What is human is what is natural to man, and what is most essentially or most specifically natural to man is what relates to the Absolute and which consequently requires the transcending of what is earthly in man. (GTUFS: DivineHuman, Consequences Flowing from the Mystery of Subjectivity)
There is a great deal of talk these days about “humanism,” talk which forgets that once man abandons his prerogatives to matter, to machines, to quantitative knowledge, he ceases to be truly “human.” What is most totally human is what gives man the best chances for the hereafter, and this is what also most deeply corresponds to his nature. (GTUFS: UIslam, Islam)

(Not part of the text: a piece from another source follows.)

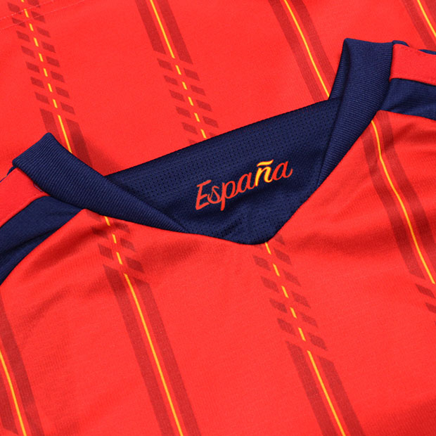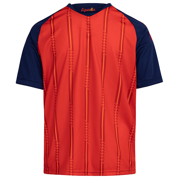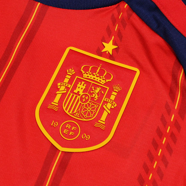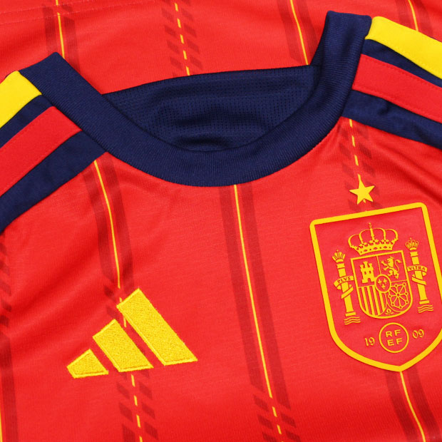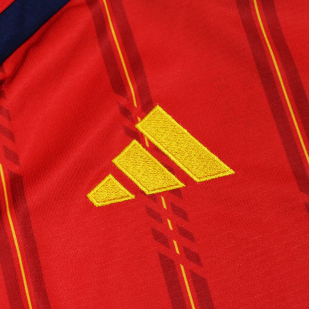選手着用ユニフォームのレプリカモデル。スペイン国旗の鮮やかな色にインスパイアされた、スペインサッカーの情熱と伝統への敬意を表したデザイン。生地に組み込まれたCLIMACOOLテクノロジーが汗を吸い上げて分散させ、涼しくドライな着用感をキープ。レギュラーフィット仕様。子供/ジュニア/キッズ用。

What is most profoundly and authentically human rejoins the Divine by definition. (GTUFS: HaveCenter, Concerning a Question of Astronomy) There is nothing human which is not an evil from some point of view: even tradition itself is in certain respects an “evil,” since it must handle evil things in man and these human ills invade it in their turn, but it is then a lesser evil, or a “necessary evil,” and, humanly speaking, it would obviously be far truer to call it a “good.” The pure truth is that “God alone is good” and that every earthly thing has some ambiguous side to it. (GTUFS: LSelf, The Meaning of Caste)

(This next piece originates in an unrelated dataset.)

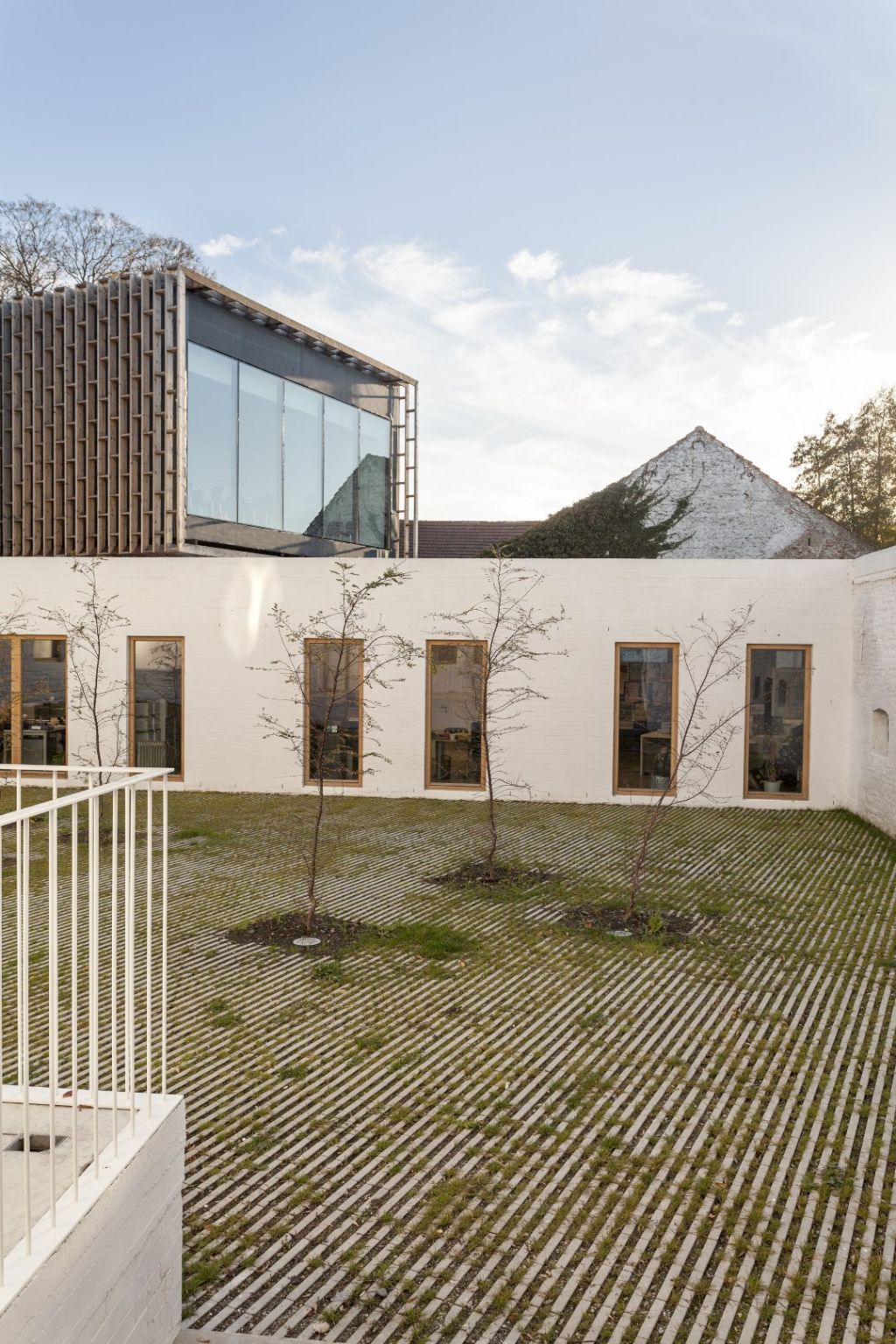 L'accès aux différents services se fait par une baie entourée d'un cadre en acier Corten, interrompant le mur aveugle blanchi à la chaux composé des pignons de l’ancien volume.

Human Animality: It should be noted that human animality is situated beneath animality as such, for animals innocently follow their immanent law and thereby enjoy a certain natural and indirect contemplation of the Divine Prototype; whereas there is decadence, corruption and subversion when man voluntarily reduces himself to his animality. (GTUFS: SufismVQ, Paradoxes of an Esoterism)
Human Nature: When we speak of man, what we have in mind first of all is human nature as such, that is, inasmuch as it is distinguished from animal nature. Specifically human nature is made of centrality and totality, and hence of objectivity; objectivity being the capacity to step outside oneself, while centrality and totality are the capacity to conceive the Absolute. First, objectivity of intelligence: the capacity to see things as they are in themselves; next, objectivity of will, hence free will; and finally, objectivity of sentiment, or of soul if one prefers: the capacity for charity, disinterested love, compassion. “Noblesse oblige”: the “human miracle” must have a reason for being that is proportionate to its nature, and it is this that predestines – or “condemns” – man to surpass himself; man is totally himself only by transcending himself. Quite paradoxically, it is only in transcending himself that man reaches his proper level; and no less paradoxically, by refusing to transcend himself he sinks below the animals which – by their form and mode of passive contemplativity – participate adequately and innocently in a celestial archetype; in a certain respect, a noble animal is superior to a vile man. (GTUFS: HaveCenter, Survey of Integral Anthropology)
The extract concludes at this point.